[Source records]
———

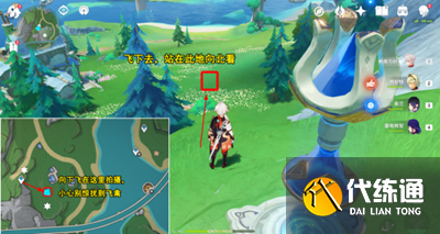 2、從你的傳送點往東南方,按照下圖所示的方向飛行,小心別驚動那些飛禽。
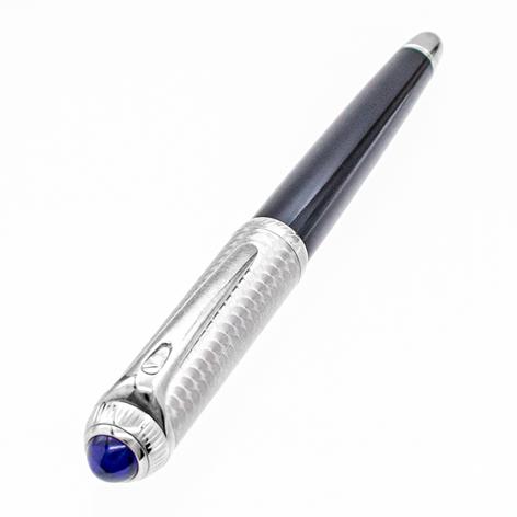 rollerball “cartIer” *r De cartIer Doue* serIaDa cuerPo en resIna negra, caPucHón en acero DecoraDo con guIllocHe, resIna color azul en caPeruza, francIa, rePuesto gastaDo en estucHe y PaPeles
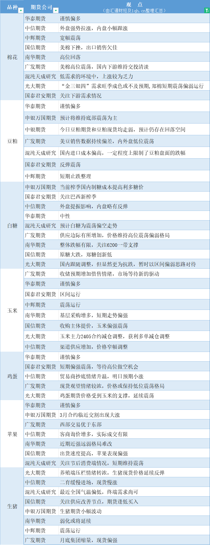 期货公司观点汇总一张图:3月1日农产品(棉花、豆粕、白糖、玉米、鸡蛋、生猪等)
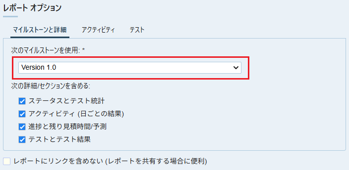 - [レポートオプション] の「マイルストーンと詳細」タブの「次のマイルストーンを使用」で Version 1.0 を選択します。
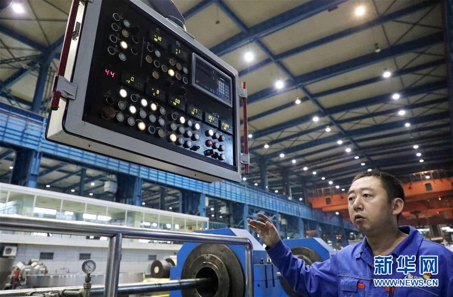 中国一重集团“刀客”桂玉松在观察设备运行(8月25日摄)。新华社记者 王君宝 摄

———

→ THE PROBLEM:
Without changing a word, retype the data above and omit its pictures.

→ REPLY:
 2、從你的傳送點往東南方,按照下圖所示的方向飛行,小心別驚動那些飛禽。
 rollerball “cartIer” *r De cartIer Doue* serIaDa cuerPo en resIna negra, caPucHón en acero DecoraDo con guIllocHe, resIna color azul en caPeruza, francIa, rePuesto gastaDo en estucHe y PaPeles
 期货公司观点汇总一张图:3月1日农产品(棉花、豆粕、白糖、玉米、鸡蛋、生猪等)
 - [レポートオプション] の「マイルストーンと詳細」タブの「次のマイルストーンを使用」で Version 1.0 を選択します。
 中国一重集团“刀客”桂玉松在观察设备运行(8月25日摄)。新华社记者 王君宝 摄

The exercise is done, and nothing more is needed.